Так все и обошлось — никто ничего не заметил. А ему всю ночь не спалось, думалось, как поступить теперь. Утром он сделал все по дому и вышел ждать пастуха. В домах не было ни огонька. Он сидел на крыльце неподвижно. В конце деревни, у Татьяны, в окне проблеснул огонек. Потом свет все ярче стал разливаться по окну, то вспыхивая, то притухая — точно тени какие ходили там. Это разгорались дрова. Керосин берегли, и у печи обходились только светом от горевших дров. Иногда в окне темнело — он знал, что это Татьяна что-то делала у печи и загораживала устье. Вслед за Татьяной, как по команде какой, в окнах тут и там забрезжила скупые, чуть заметные огоньки. Вот загорелся такой огонек и у Варвары — председательши. Его-то он и ждал, пересек улицу, поднялся на крыльцо и постучал.

— Кто там? — тотчас выйдя в сени, с тревогою спросила Варвара.

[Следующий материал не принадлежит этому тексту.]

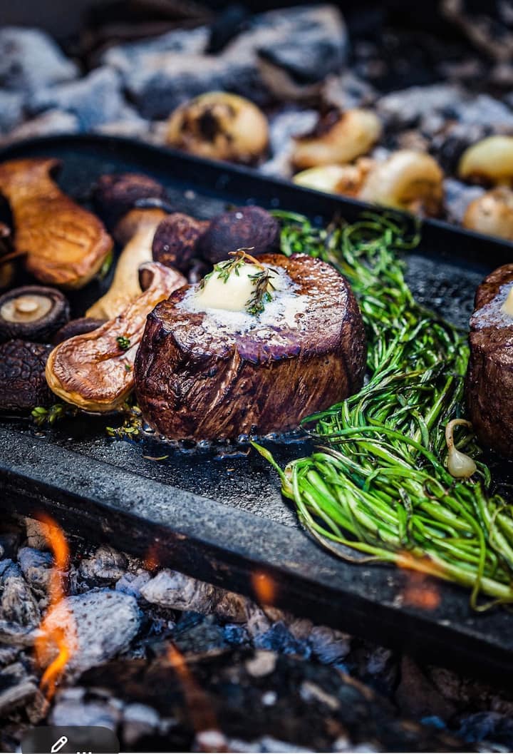 Een perfect gebakken biefstuk is het middelpunt van dit diner, klaargemaakt op de temperatuur van je voorkeur en gerust voor maximale sappigheid. Het is bekroond met een smeltende kruidenboter doordrenkt met knoflook, peterselie en tijm. Hartige oesterzwammen worden gebakken tot ze goudbruin en mals zijn, wat een diepe umami-smaak toevoegt. Geroosterde broccolini zorgt voor een frisse bite en subtiele zoetheid, en balanceert de rijkdom van de biefstuk voor een verfijnde, bevredigende maaltijd.
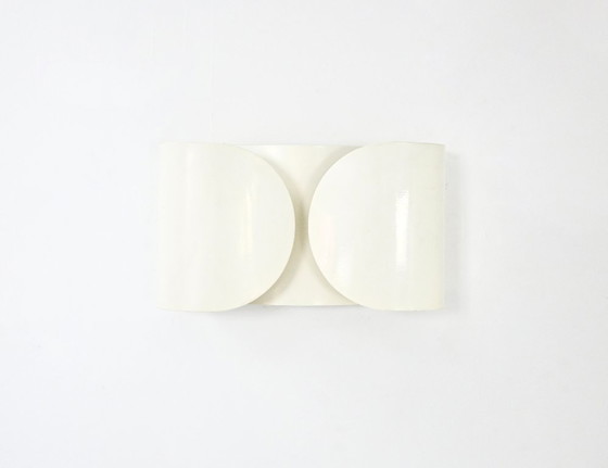 Wandlamp van wit metaal, ontworpen door Afra & Tobia Scarpa. Model: Foglio. Gestempeld met Flos. Vertoont gebruikssporen door ouderdom en de tand des tijds.
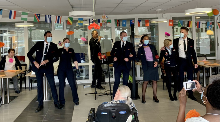 Ces bénévoles, ce sont 10 hôtesses de l’air et stewards de l’association Avion sans frontière. Ils viennent plusieurs fois par semaine mettre du baume au cœur des résidents.
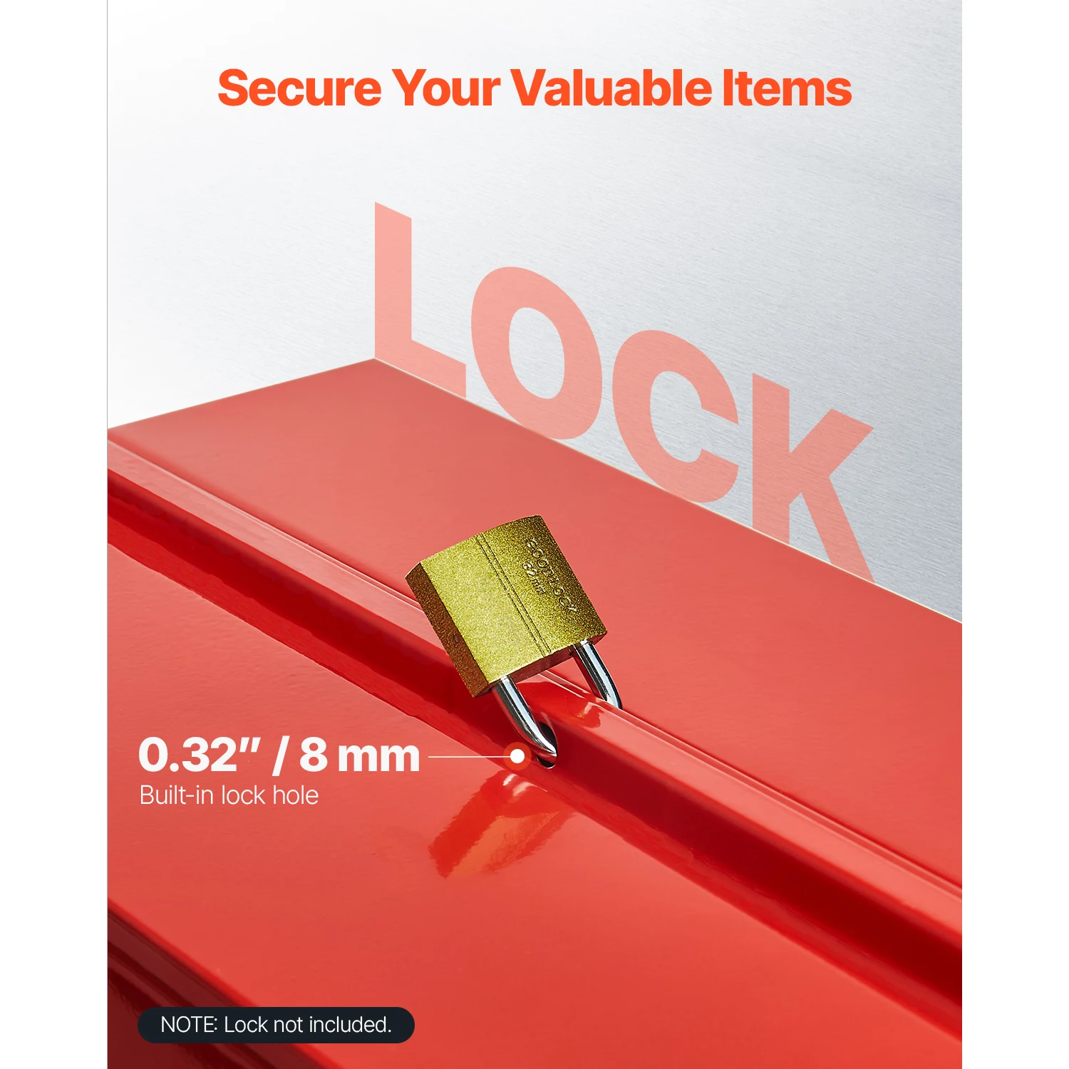 Sécurité fiable : avec un trou de verrouillage intégré qui s'adapte à un verrou de 0,32 pouce (vendu séparément), cette bote à outils maintient vos articles en sécurité et protégés contre le vol, offrant une tranquillité d'esprit lors de vos déplacements.
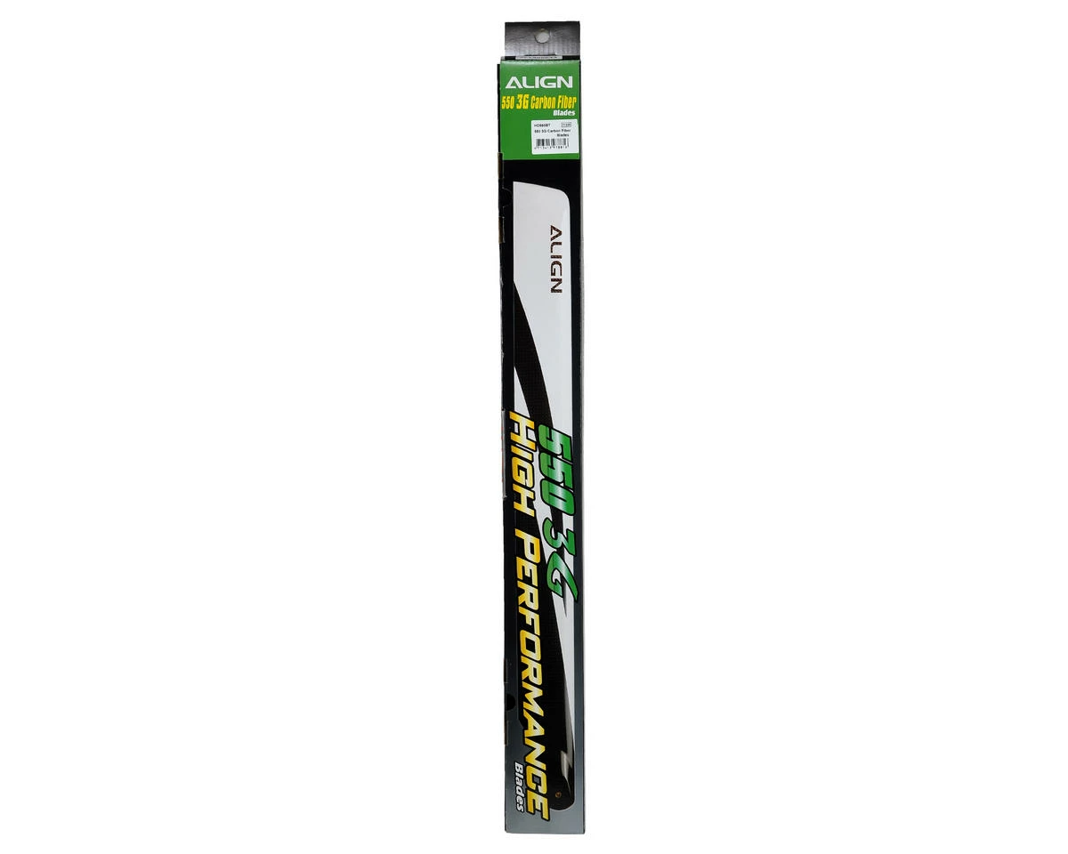 This is a set of Align 550 3G Carbon Fiber Blades. Align’s 550 3G main blades are designed specifically for extreme 3D flying, featuring both high agility and excellent stability characteristics. The blades have a redesigned airfoil and painted graphics. Additionally, the blades rigidity has been increased for better anti-torsion characteristics during flight. The airfoil design effectively minimizes turbulence at the blade tips, reducing blade noise and power loss.
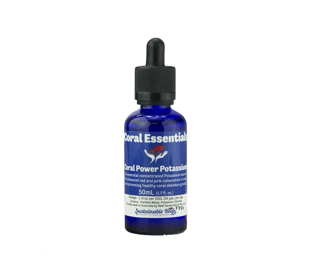 Coral Essentials, Coral Power Potassium is a concentrated solution of Potassium Chloride, 150,000ppm for marine aquariums.
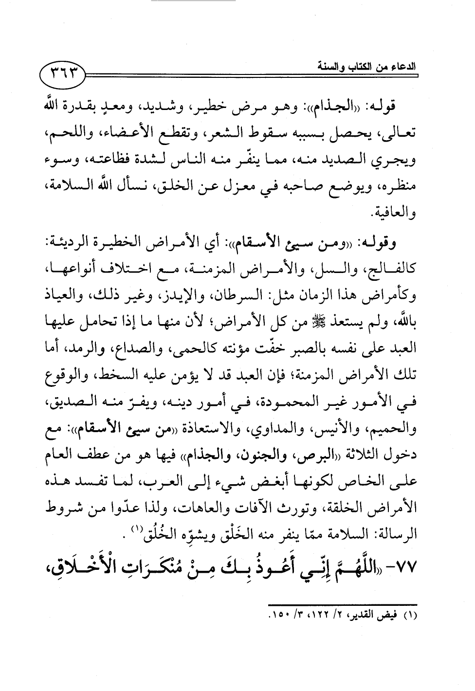 والحميم، والأنيس، والمداوي، والاستعاذة ((من سيئ الأسقام)): مع دخول الثلاثة ((البرص، والجنون، والجذام)) فيها هو من عطف العام على الخاص لكونها أبغض شيء إلى العرب، لما تفسد هذه الأمراض الخلقة، وتورث الآفات والعاهات، ولذا عدّوا من شروط الرسالة: السلامة ممّا ينفر منه الخَلْق ويشوِّه الخُلُق (¬1).

Теперь, приди в любой дом об эту пору, все так спрашивали — не то что прежде всяк по-своему: кто недовольно спросонья, кто удивленно, кто сердито или еще как. Чувствовали себя по-другому — по-другому и спрашивали. Кто его знает, кто там за дверью и с чем пришел? Может, муж по ранению вернулся или забежал на часок, очутившись где-то рядом от дома, может, кто с вестью какой, а для Варвары, может, и нарочный из сельсовета. Недоброе было время, хорошего ждать не приходилось, и тревога сказывалась во всем.

— Я это, — ответил он. Варвара узнала его и отперла.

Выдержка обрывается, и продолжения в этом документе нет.